HOW DO YOU RECOGNIZE OPIOID WITHDRAWAL SYNDROME (OWS)?OWS refers to the constellation of distressing symptoms associated with too-rapid decrease or cessation of opioid use following the development of opioid dependence. Although typically not life-threatening, OWS results in severe pain, dysphoria, and cravings that can lead to desperate behavior and self-treatment with illicit opioids, as is often seen among individuals with OUD.20 Additional signs and symptoms of OWS include tachycardia, dilated pupils, yawning, tremors, rhinorrhea, goose-flesh skin, and diaphoresis, as well as muscle/joint aches, restlessness, anxiety/irritability, and gastrointestinal distress with abdominal pain, vomiting, and diarrhea.21 (see MDCALC or another tool for a COWS calculation)
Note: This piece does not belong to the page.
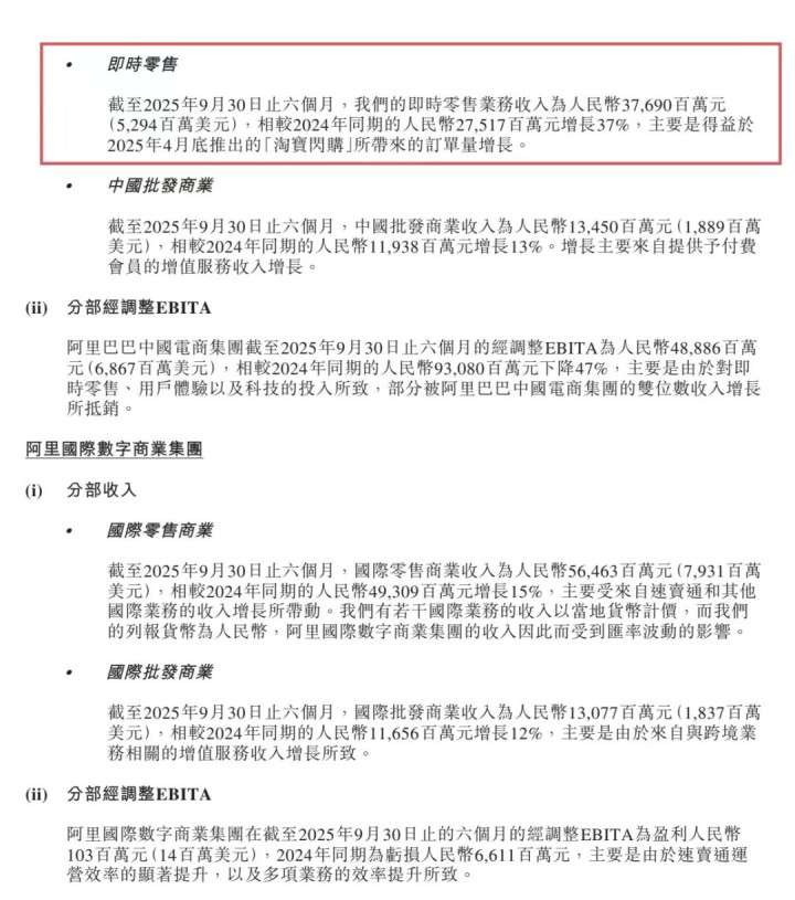 阿里巴巴2026财务年度中期报告显示,截至2025年9月30日止六个月,阿里巴巴的即时零售业务收入为人民币37,690百万元(5,294百万美元),相较2024年同期的人民币27,517百万元增长37%,主要是得益于2025年4月底推出的淘宝闪购所带来的订单量增长。

HOW TO INITIATE BUPRENORPHINE IN THE EMERGENCY SETTING
When treating OUD with buprenorphine, the primary concern is administering the drug too early and causing buprenorphine-precipitated withdrawal. When the patient is in florid withdrawal, a more detailed assessment may not be necessary; however, when unsure, quantify withdrawal severity using the COWS score. The higher the score, the less likely the patient will develop BPW. We generally recommend waiting until the score is >7 or higher if the patient has recently used methadone or is likely to have been using fentanyl. When in doubt, a focus on objective signs of withdrawal such as tachycardia, tremors, diaphoresis, runny nose, and gooseflesh skin.
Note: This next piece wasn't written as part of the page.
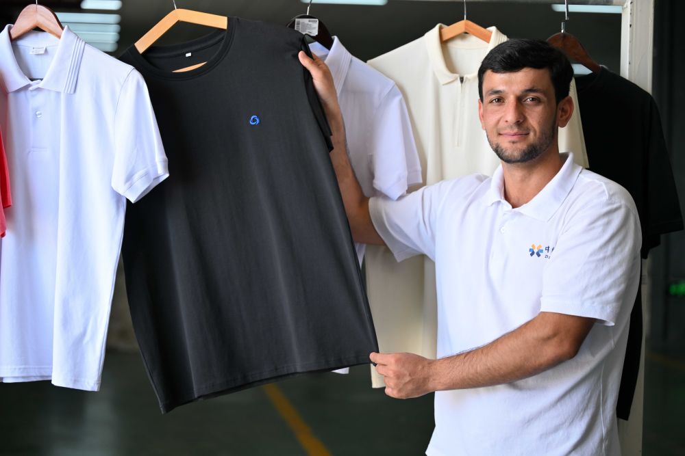 在塔吉克斯坦哈特隆州丹加拉区的中塔合作项目丹加拉农业纺织产业园,塔方员工卡尤莫夫展示成衣样品。

Once OWS has been established, buprenorphine can be administered using a stepwise approach. Figure 1 offers steps and dosing recommendations based on expert consensus as presented in the 2020 AAEM White Paper Recommendations on Managing Opioid Use Disorder.22

Figure 1. Emergency department initiation of buprenorphine for opioid use disorder

MAT-01.png

COWS = Clinical Opiate Withdrawal Scale; SL = sublingual; IM = intramuscular; ED = emergency department; OD = overdose; HIV = human immunodeficiency virus; IVDU = intravenous drug user; BID = twice a day. (Figure adapted with permission from authors of the 2020 AAEM White Paper on Opioid Use Disorder in the Emergency Department)
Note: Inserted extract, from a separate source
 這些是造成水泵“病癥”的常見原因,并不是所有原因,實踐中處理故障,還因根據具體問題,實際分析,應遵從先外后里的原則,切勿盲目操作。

ED DISPOSITION FOLLOWING BUPRENORPHINE INITIATION
The majority of patients presenting to the ED with OWS can be safely discharged with return precautions and close outpatient follow-up. Under the Drug Addiction Treatment Act of 2000 (DATA 2000), physicians must complete eight hours of training and receive an X-waiver qualification to prescribe buprenorphine. However, administration in the ED can be done by any licensed provider. An initial prescription for 16 mg/day (one buprenorphine 8 mg sublingual tab or one buprenorphine/naloxone 8/2 mg sublingual tablet or strip BID for 1-2 weeks) can be provided as a bridge to outpatient management. If hospital regulations permit, consider discharging the patient with a bridging dose of buprenorphine (8-16 mg) to prevent withdrawal in patients at risk of prescription filling delays. Patients should be advised to avoid using sedatives (alcohol, benzodiazepines) while using buprenorphine. However, OUD patients who also have alcohol use disorder or benzodiazepine use disorder should still be treated with buprenorphine.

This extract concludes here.